(Stored items from a collection)
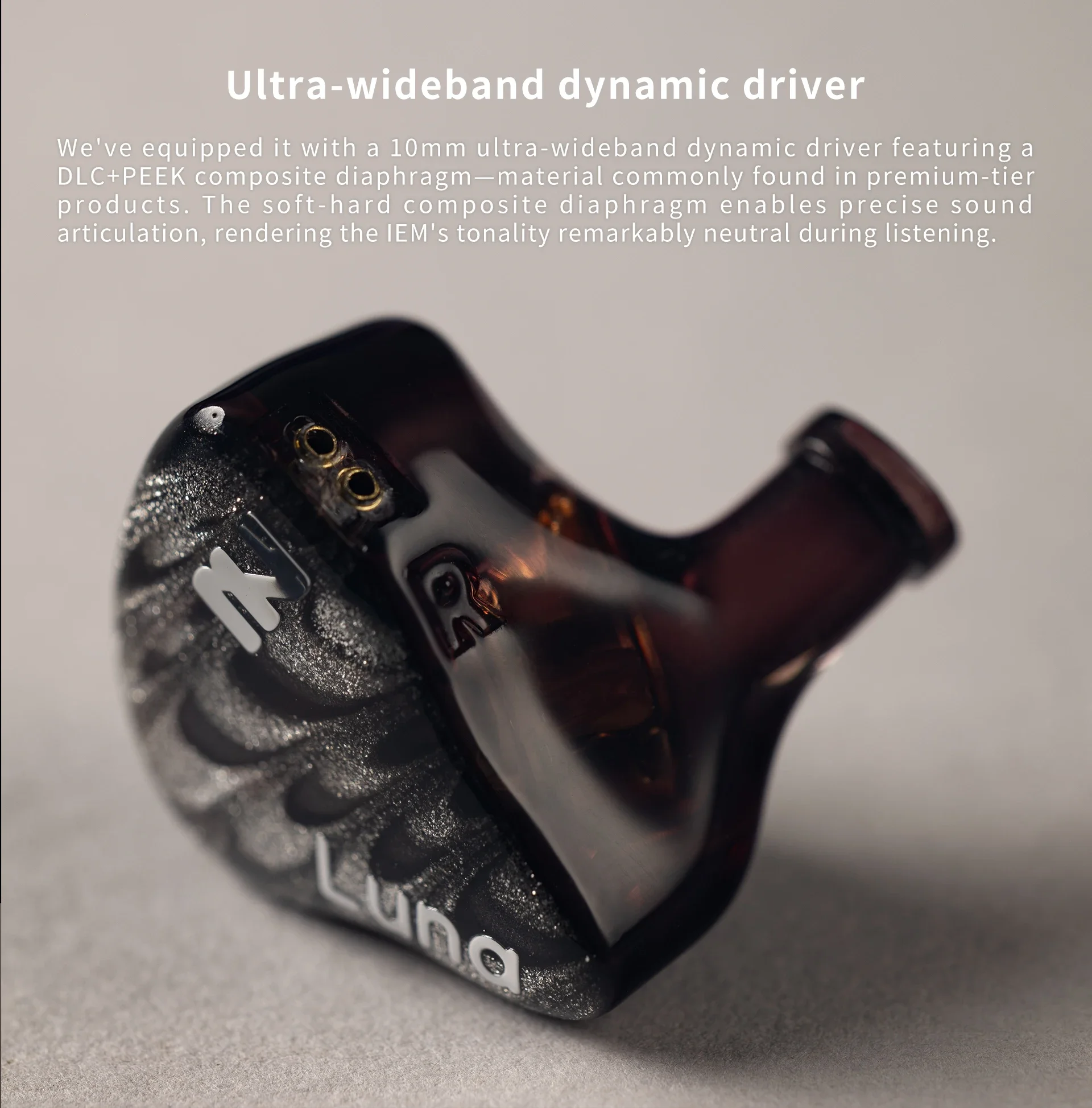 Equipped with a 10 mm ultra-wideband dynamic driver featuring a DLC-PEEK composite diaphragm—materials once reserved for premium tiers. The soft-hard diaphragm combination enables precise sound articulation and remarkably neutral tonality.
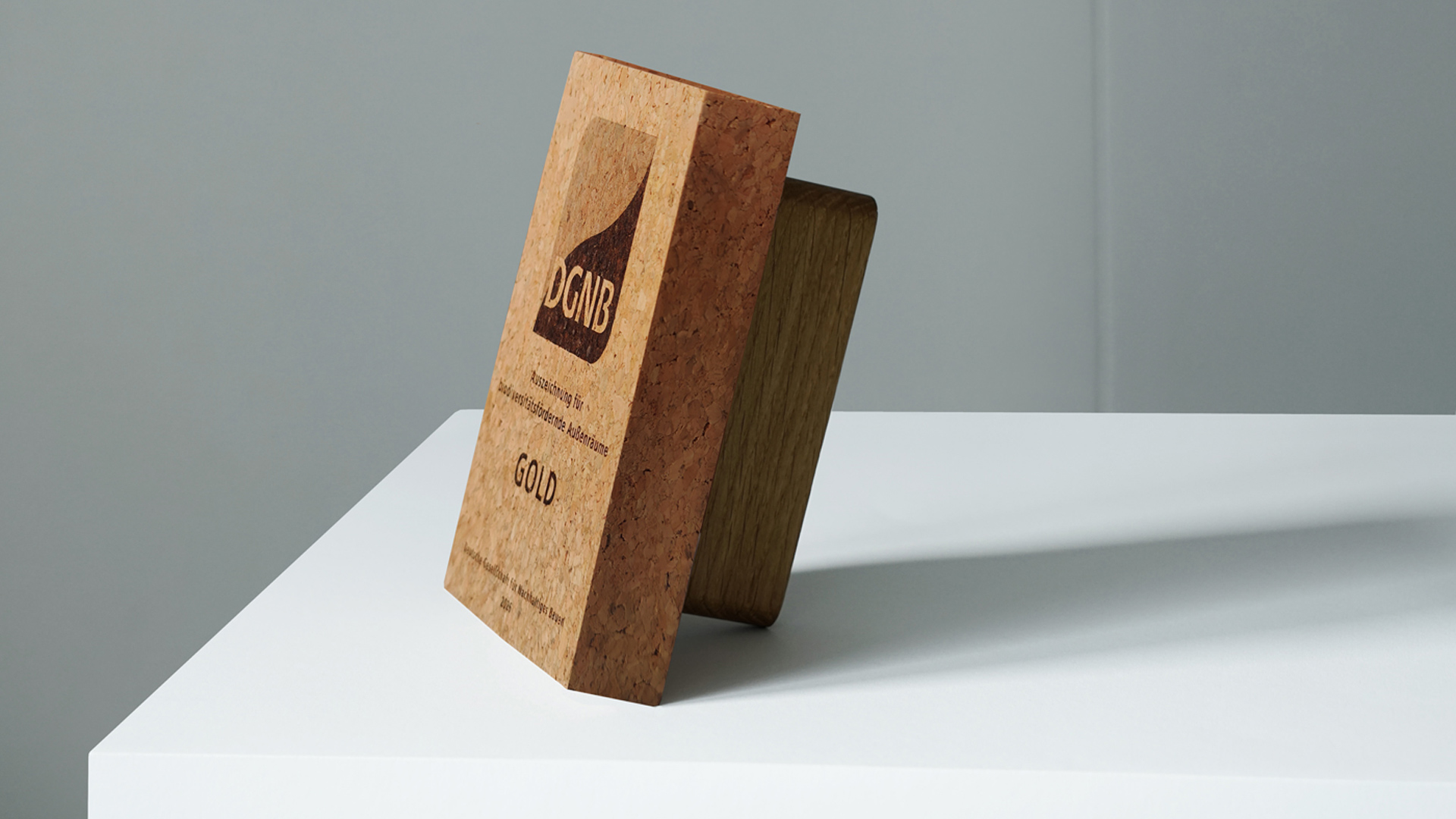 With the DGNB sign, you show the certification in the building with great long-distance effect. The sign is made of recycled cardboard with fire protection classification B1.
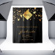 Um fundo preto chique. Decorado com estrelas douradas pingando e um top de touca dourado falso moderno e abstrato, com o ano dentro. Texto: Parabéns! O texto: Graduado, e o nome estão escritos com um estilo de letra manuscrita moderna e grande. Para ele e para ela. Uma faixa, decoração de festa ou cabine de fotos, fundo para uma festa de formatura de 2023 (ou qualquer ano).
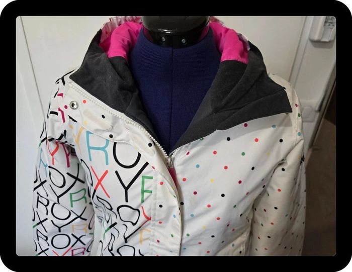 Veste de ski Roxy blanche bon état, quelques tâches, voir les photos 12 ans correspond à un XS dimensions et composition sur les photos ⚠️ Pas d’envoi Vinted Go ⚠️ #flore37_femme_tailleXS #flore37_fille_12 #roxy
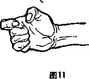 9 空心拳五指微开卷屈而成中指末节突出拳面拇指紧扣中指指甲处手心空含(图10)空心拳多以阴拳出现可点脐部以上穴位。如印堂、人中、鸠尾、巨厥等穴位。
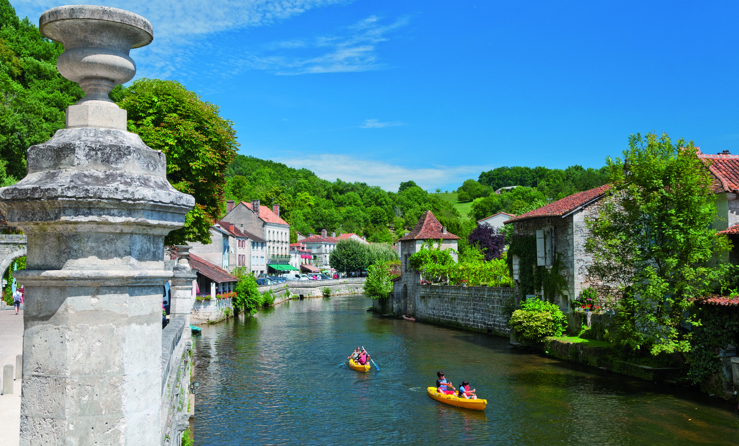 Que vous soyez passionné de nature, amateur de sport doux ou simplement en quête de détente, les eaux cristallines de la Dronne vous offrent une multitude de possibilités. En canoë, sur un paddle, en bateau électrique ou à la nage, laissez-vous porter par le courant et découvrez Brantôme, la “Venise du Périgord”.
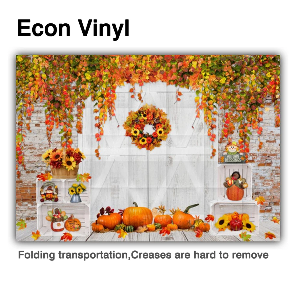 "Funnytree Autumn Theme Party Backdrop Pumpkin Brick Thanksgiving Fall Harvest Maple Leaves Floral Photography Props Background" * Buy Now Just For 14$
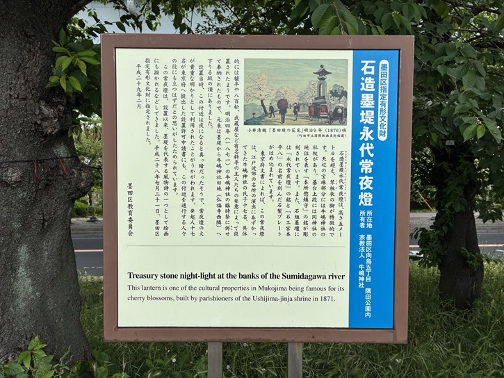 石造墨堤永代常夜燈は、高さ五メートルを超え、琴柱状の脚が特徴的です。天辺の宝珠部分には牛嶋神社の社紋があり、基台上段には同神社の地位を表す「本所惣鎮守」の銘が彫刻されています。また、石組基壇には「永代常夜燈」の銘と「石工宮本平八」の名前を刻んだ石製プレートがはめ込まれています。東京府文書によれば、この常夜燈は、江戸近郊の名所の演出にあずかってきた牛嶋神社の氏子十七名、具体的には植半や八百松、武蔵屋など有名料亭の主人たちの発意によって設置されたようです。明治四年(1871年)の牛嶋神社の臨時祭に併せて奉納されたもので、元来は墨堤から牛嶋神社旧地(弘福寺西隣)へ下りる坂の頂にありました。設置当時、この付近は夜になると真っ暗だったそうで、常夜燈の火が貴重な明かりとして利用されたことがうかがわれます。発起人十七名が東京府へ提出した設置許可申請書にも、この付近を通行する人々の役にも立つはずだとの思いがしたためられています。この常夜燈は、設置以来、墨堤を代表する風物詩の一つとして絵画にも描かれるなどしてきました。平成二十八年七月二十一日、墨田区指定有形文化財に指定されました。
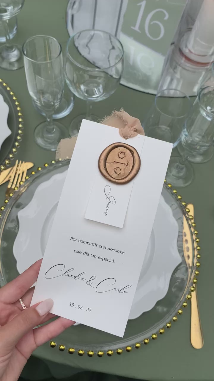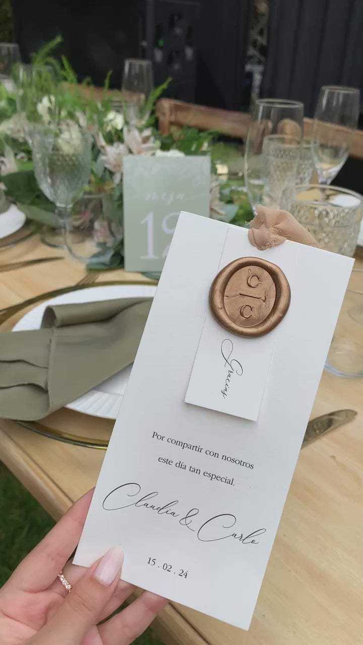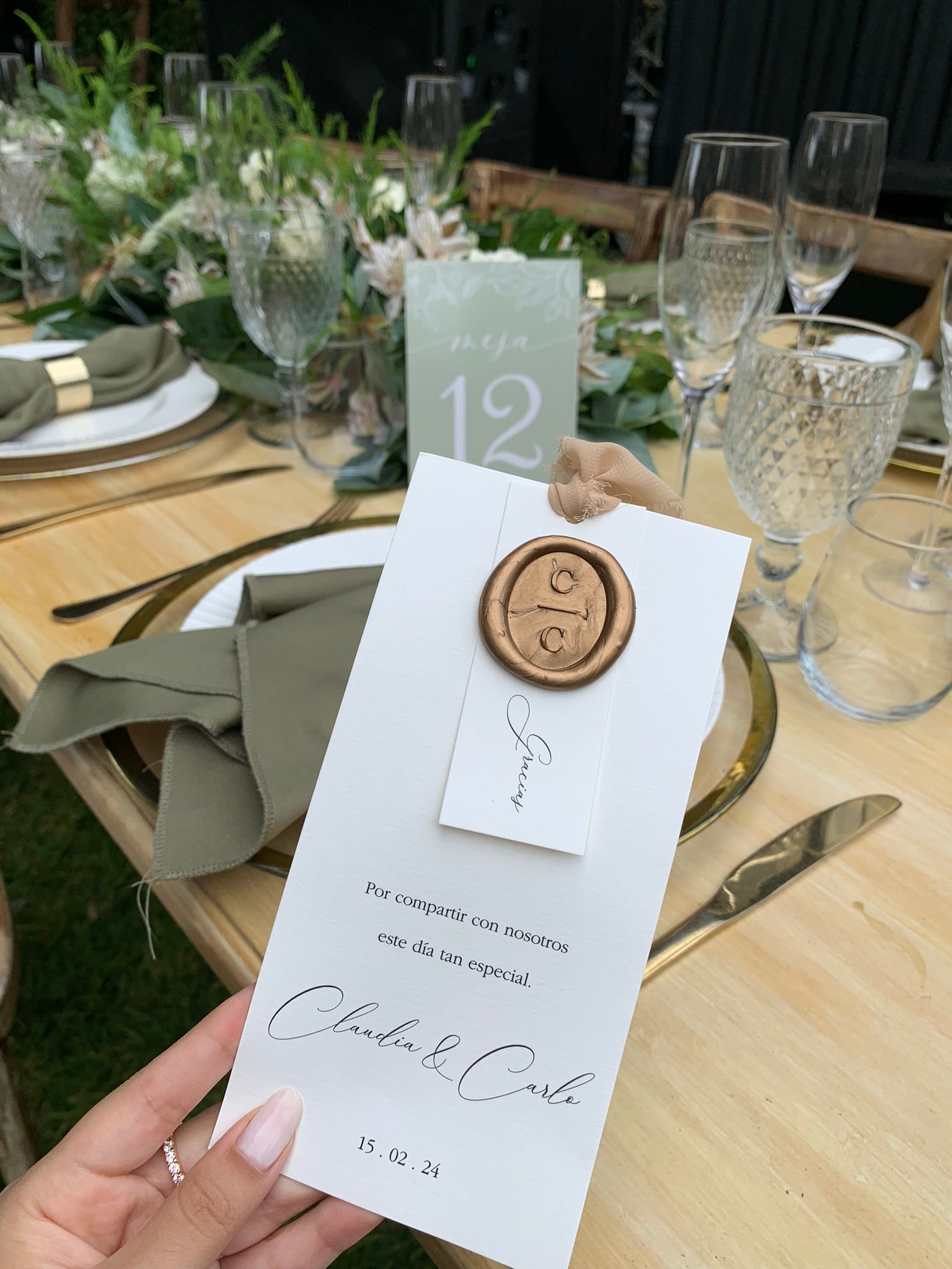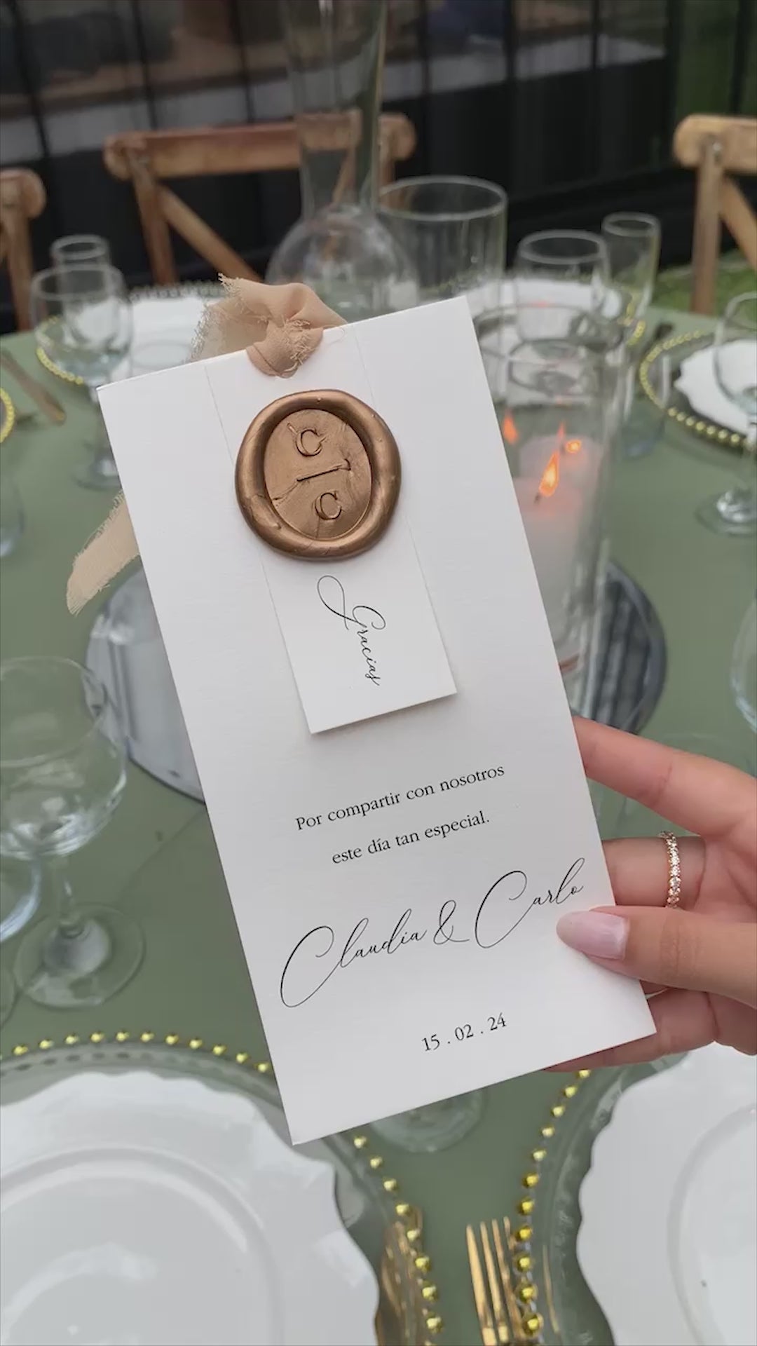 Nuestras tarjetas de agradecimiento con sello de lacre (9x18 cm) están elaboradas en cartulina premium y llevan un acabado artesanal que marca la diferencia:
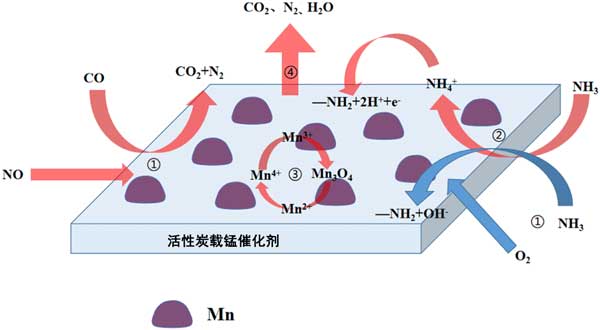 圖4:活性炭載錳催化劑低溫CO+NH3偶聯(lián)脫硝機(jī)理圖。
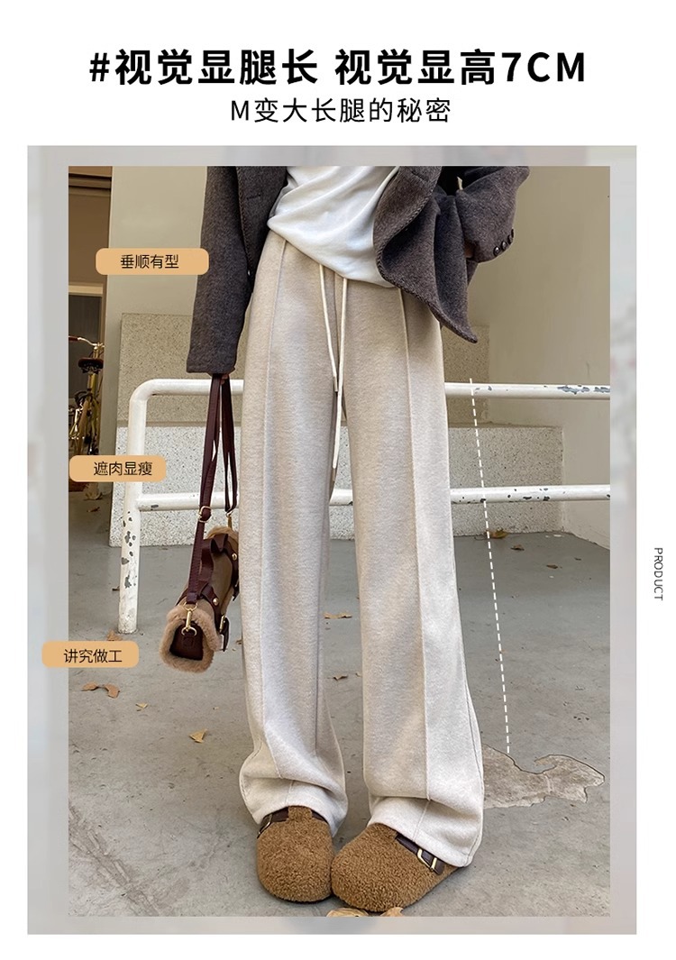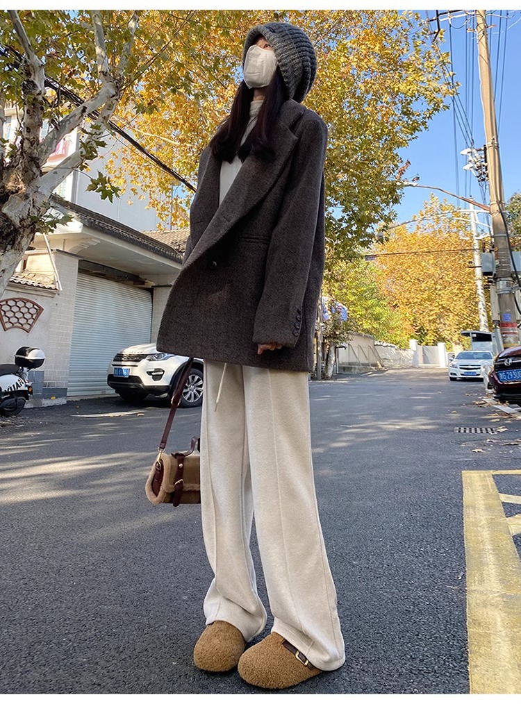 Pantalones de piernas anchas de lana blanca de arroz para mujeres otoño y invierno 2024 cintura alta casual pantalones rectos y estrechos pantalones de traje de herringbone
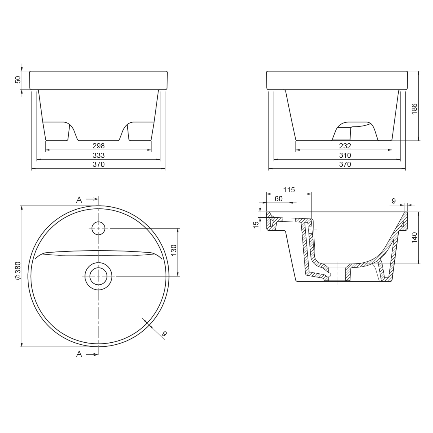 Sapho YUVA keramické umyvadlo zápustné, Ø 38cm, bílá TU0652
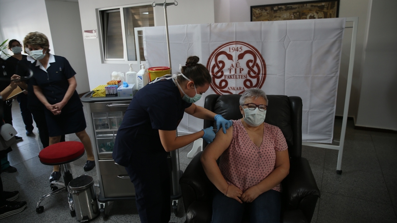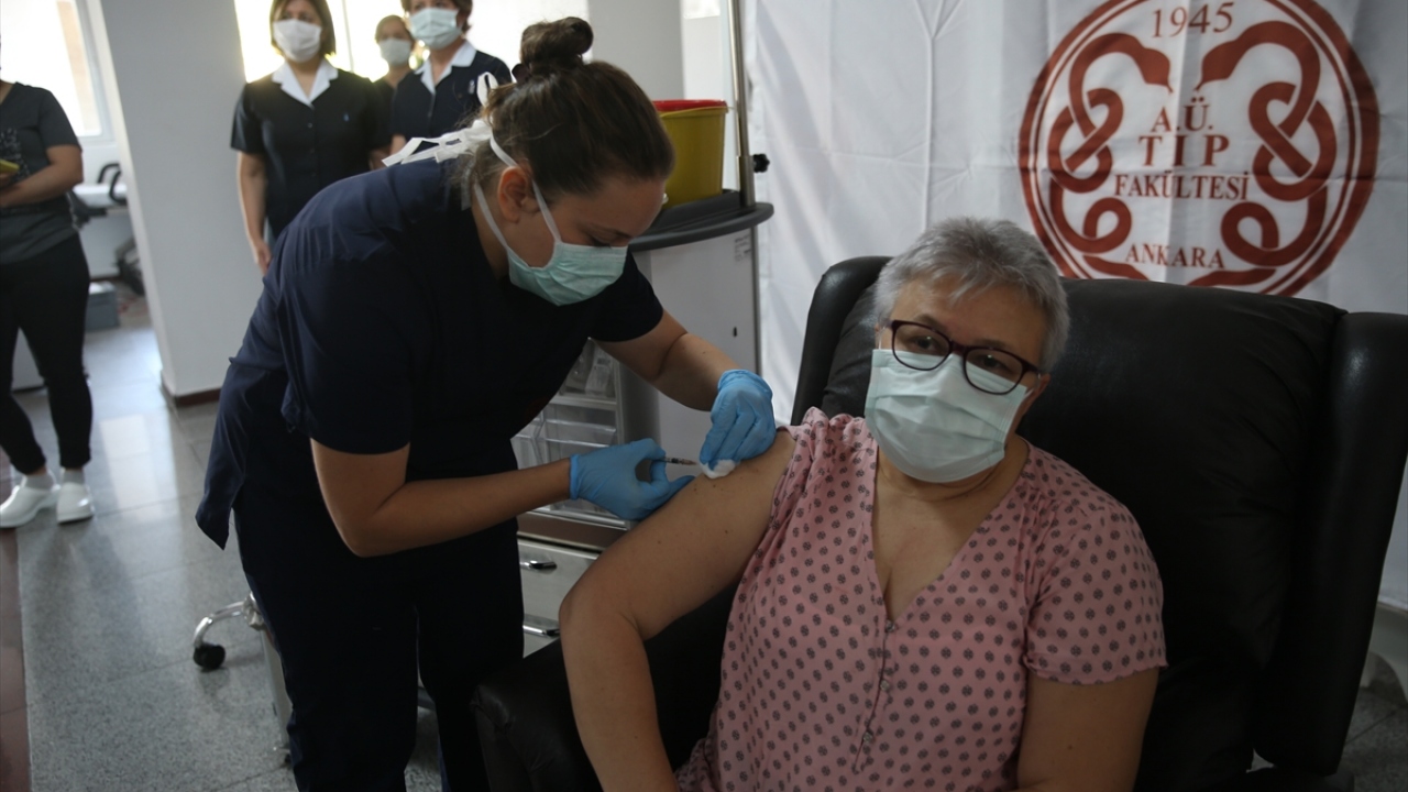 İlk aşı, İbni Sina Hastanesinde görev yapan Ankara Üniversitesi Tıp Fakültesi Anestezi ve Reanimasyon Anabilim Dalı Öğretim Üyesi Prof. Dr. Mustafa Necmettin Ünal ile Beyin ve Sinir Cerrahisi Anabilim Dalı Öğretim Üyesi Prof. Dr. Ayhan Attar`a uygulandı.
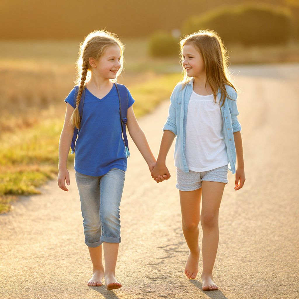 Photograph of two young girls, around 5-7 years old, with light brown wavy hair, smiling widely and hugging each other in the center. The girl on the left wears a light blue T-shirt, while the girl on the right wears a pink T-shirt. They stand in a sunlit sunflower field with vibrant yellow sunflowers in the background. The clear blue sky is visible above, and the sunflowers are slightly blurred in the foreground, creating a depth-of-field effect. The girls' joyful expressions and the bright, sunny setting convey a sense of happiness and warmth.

What is expected: Range to copy from the records above: the line containing "圖4:活性炭載錳催化劑低溫CO+NH3偶聯(lián)脫硝機(jī)理圖。" to the line containing "İlk aşı, İbni", both included. Output those lines exactly and only those, skipping pictures.

Answer below:
 圖4:活性炭載錳催化劑低溫CO+NH3偶聯(lián)脫硝機(jī)理圖。
 Pantalones de piernas anchas de lana blanca de arroz para mujeres otoño y invierno 2024 cintura alta casual pantalones rectos y estrechos pantalones de traje de herringbone
 Sapho YUVA keramické umyvadlo zápustné, Ø 38cm, bílá TU0652
 İlk aşı, İbni Sina Hastanesinde görev yapan Ankara Üniversitesi Tıp Fakültesi Anestezi ve Reanimasyon Anabilim Dalı Öğretim Üyesi Prof. Dr. Mustafa Necmettin Ünal ile Beyin ve Sinir Cerrahisi Anabilim Dalı Öğretim Üyesi Prof. Dr. Ayhan Attar`a uygulandı.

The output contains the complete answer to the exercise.